I think trust is the basis of our relationships with our kids so imo I would be honest.

I live in a 11+ area and I think the issue is not your son!

DisgruntledGuineaPig · 14/09/2020 13:27

I live in an 11+ area and its horrible. Dc1 should do well, but the stress levels are insane.

In my dcs class a few parents are planning on private secondary, they have all not put their dc in for the 11+.

In this situation I would withdraw him. Its a stress you don't need, and he won't benefit from it.

petitdonkey · 14/09/2020 13:27

Some great advice here. As another perspective - my son was privately educated and young for his year. We chose not to put him in for the 11+ as he was staying at his school (lots of parents did just to see...). At that time he definitely would have had a 50/50 chance...

Two years later he sat the entrance examination for his selective independent that is very competitive and he aced it. He had changed so much in those two years.

You also mention that he has flown through all of his mocks so I really think you are very anxious about this, perhaps unnecessarily...

SunshineCake · 14/09/2020 13:28

I was already to say one thing and then read on.

My children all passed their 11+ and went to grammar schools. My daughter went to X school which is very results focussed. In my opinion to the detriment of the children. My dd wanted to sit four A levels and the school said no. They would rather the students achieve three A than a mix of A and As totalling four. So wrong. That being the case my dd left and they lost an incredible student. She is now at another grammar school and the feelings I get are the students and parents come first, they are a community, they expect the children to work hard but kindness, etc are at the fore front. They celebrate everything. A year seven who stood on her leg for so long just as much as some one who passes grade seven violin.

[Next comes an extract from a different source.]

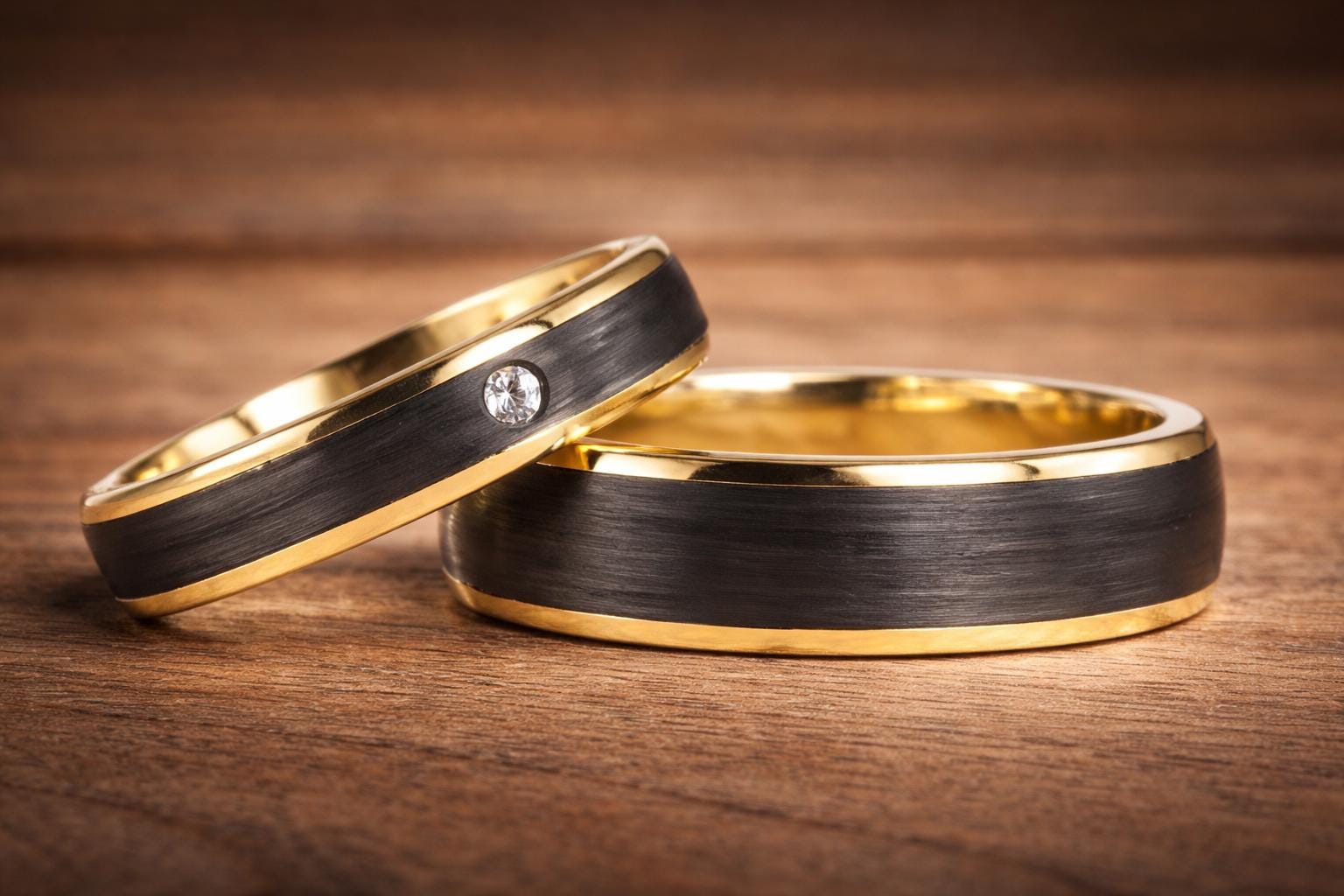 Yellow gold ring with matte carbon fiber band in the center. The woman's ring has a Swarovski crystal.

Some things are much more important than a school who will push and push to get a child scoring nine A* while leaving them lacking in confidence, being ridiculously competitive and lacking in self belief.

I wouldn't be worrying about lying about his results but getting him into a school where they care about the students well being more than the results they like to claim for themselves.

BraveGoldie · 14/09/2020 13:28

I think it's worth taking a step back OP. You don't seem to believe in your son's ability to pass and see him as so fragile you have to lie to him... even if you tell him positive things with your words, he will feel those messages and may well be one of the causes of his low self esteem.

believe in him and his resilience and he might start to too.... ?

Wheresthebiffer2 · 14/09/2020 13:30

No, I wouldn't tell a lie about that. Your child is going to be a teenager soon, and you need to have a trusting relationship with them. It's wrong.

Flamingolingo · 14/09/2020 13:30

You’re not helping him in the long run though. If he doesn’t pass he doesn’t pass and children (people) really do need to learn that. You won’t be able to lie about the next one. If he doesn’t pass you’ll just have to address it and focus on the fact that he’s lucky to have other options.

ancientgran · 14/09/2020 13:31

We live in a grammar area and quite honestly people laugh at the kids who say they passed but aren't going to go, not to their faces hopefully but it is a local joke. So many do it. If you aren't going to take a place you are wasting everyone's time doing this.

Xiaoxiong · 14/09/2020 13:32

Another one to say that bubblesgun's advice is spot on - definitely do that. You don't build kids' self confidence by fibbing to them about how well they did, especially a bright one who can probably figure out for themselves how well they likely did. I wonder why it is that you are even entertaining the idea that he might fail, given that a) he's bright and b) you've had a tutor for 2 years.

Given how bright he is, could he be picking up on the fact that you think he might fail, and then taking a hit to his self-esteem because he thinks his own mother expects him to fail?

pastandpresent · 14/09/2020 13:32

I would ask dc if he wants to take it or not. Then if he wants to, will tell him the result.
Why worried anyway, if he has sailed through the mocks. If he failed because he's got exam nerve but not because of his ability, isn't it better for him to know the results, and why to prepare for the future? Especially this will not determine anything.